Your investment decisions won’t be the same as your brother’s or your next-door-neighbor's. A number of factors influence the choices you make when you're deciding how to invest your money. Some of these choices, such as how much money to invest, depend on external factors. But other choices, such as the amount of risk you'll assume, relate to your internal psychology. Understanding the factors affecting individual choices for investing money may help you make better investment decisions.
Some people invest for college, some to fund retirement and others as a means of offsetting their tax burden or to increase wealth. Your investment goals will influence your investment choices. If your primary purpose is to minimize your tax burden, you’ll focus on investments in which the income is tax-free or tax-deferred. If you’re investing for college or retirement, you may choose investments that offer those benefits.
Younger people have more time to recover from market fluctuations, so they may generally assume investments with a higher risk. People who are at or near retirement age might depend on their investments to support them during their retirement years, so they tend to desire less risky investments to preserve their capital. People who need to draw income from their investments right away choose different investments than those who can let the income sit untouched for years.

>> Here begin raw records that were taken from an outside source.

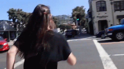 A person with long hair, wearing a black shirt, runs down an urban street, moving quickly past cars and buildings.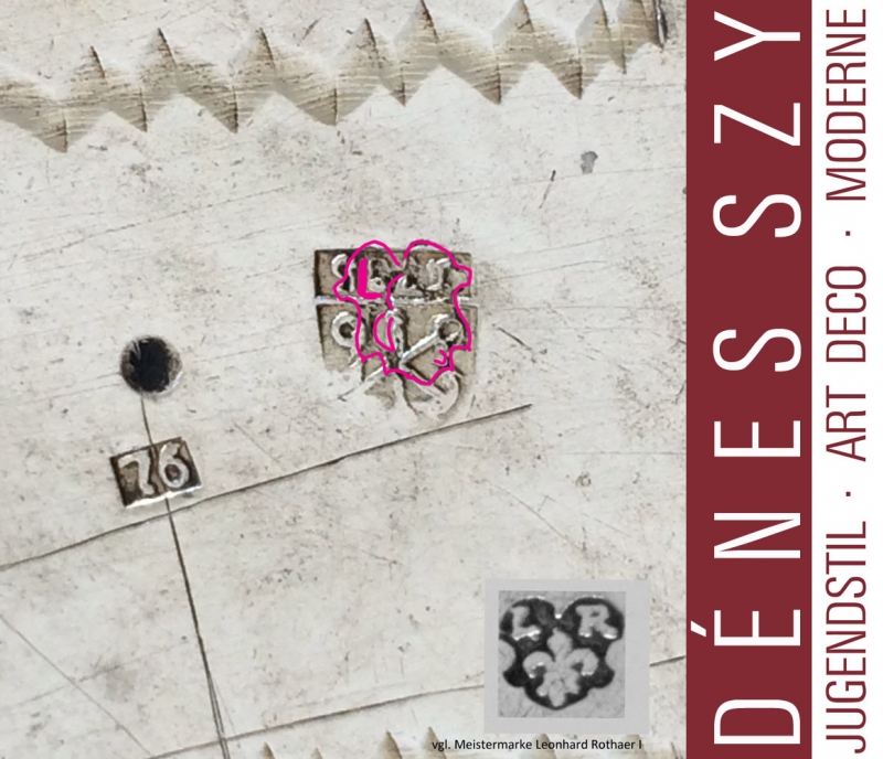 Meisterzeichen überpunzt mit Stadtmarke St. Petersburg 1735, darunter MZ von Leonhard Rothaer I (Scheffler No. 214): Meister seit 1671, Ältermann seit 1688, gestorben 1698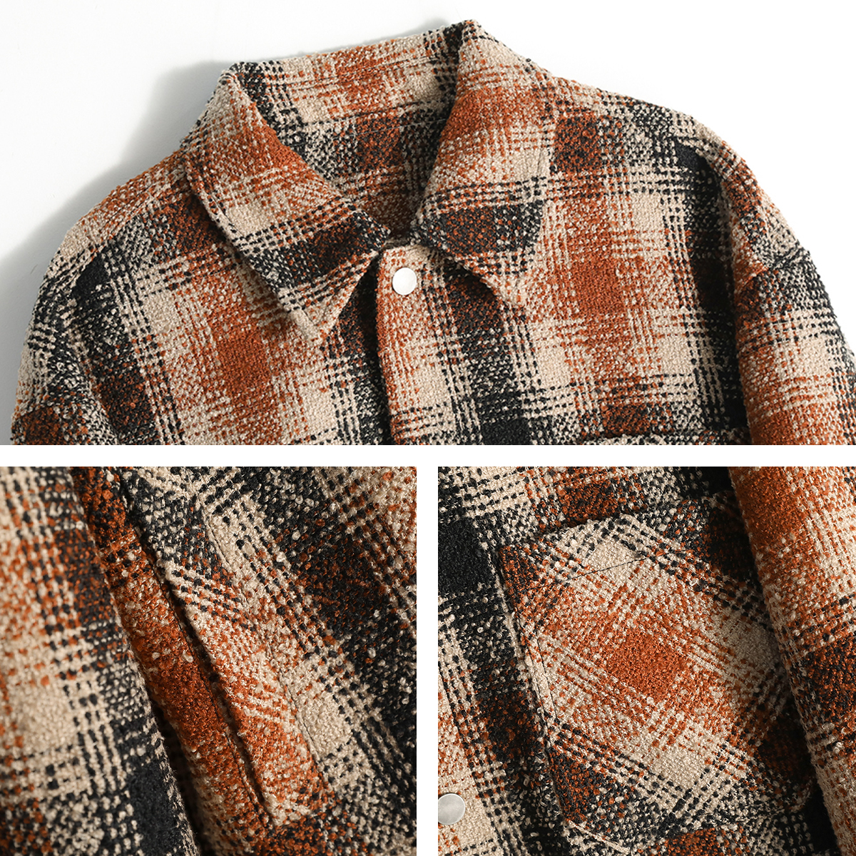 Mind Bridge潮牌复古格纹外套男士春秋季肌理感衬衫式小香风夹克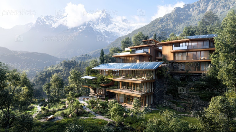 Роскошный экологически чистый горный дом с солнечными панелями и панорамным видом
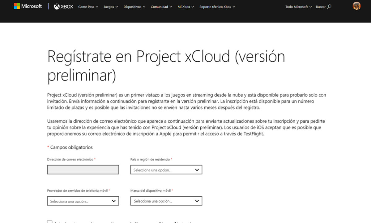 Una vez validado el paso anterior, deberemos acceder a la página de registro de Project xCloud, y cumplimentar algunos detalles como nuestro país, proveedor de servicios de telefonía, y el sistema operativo de nuestro teléfono (actualmente sólo disponible para Android). Mencionar eso sí que no existe ninguna respuesta que nos haga más válidos que otra, tratándose de un mero trámite para el posterior análisis de la prueba, por lo que es preferible que cumplimentemos esta solicitud con datos reales.
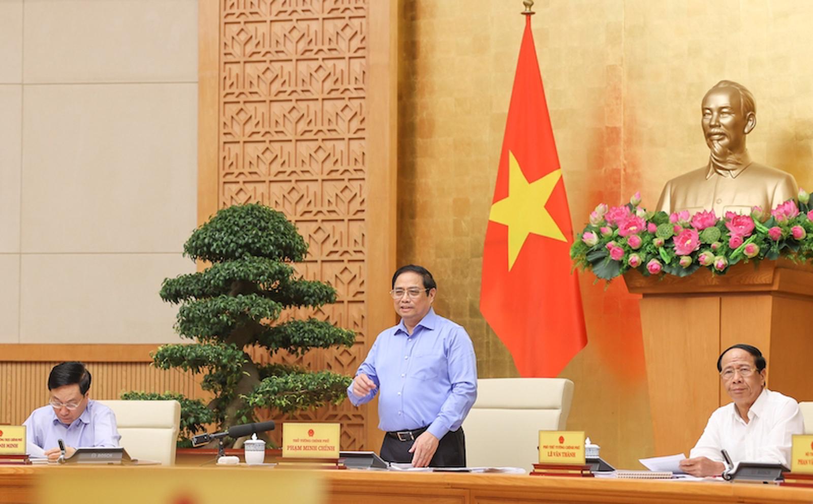 Thủ tướng Phạm Minh Chính phát biểu kết luận phiên họp Chính phủ thường kỳ tháng 8 năm 2022. Ảnh: N.Bắc

Some investments, such as some mutual funds, stocks and bonds, require a larger outlay of cash up front. People who don’t have as much discretionary income may be limited in the investments they can make. People with less disposable income may avoid investments that require paying transaction fees.
Some people are more comfortable with risk than others. For some people, the possibility of losing money makes investments exciting. They accept that losses are a possibility, and they feel comfortable accepting a higher degree of risk for the chance of a bigger payoff in the long run. Other people can’t tolerate risk at all. These people stick to safer investments with low degrees of risk.
A 2010 report issued by the U.S. Social Security Administration Office of Retirement and Disability Policy reported that people’s investment choices are influenced by the amount of information they receive about investing and their personal financial literacy. A person who is uneducated about investing may be afraid to invest at all, or he may stick to the limited areas with which he is already familiar.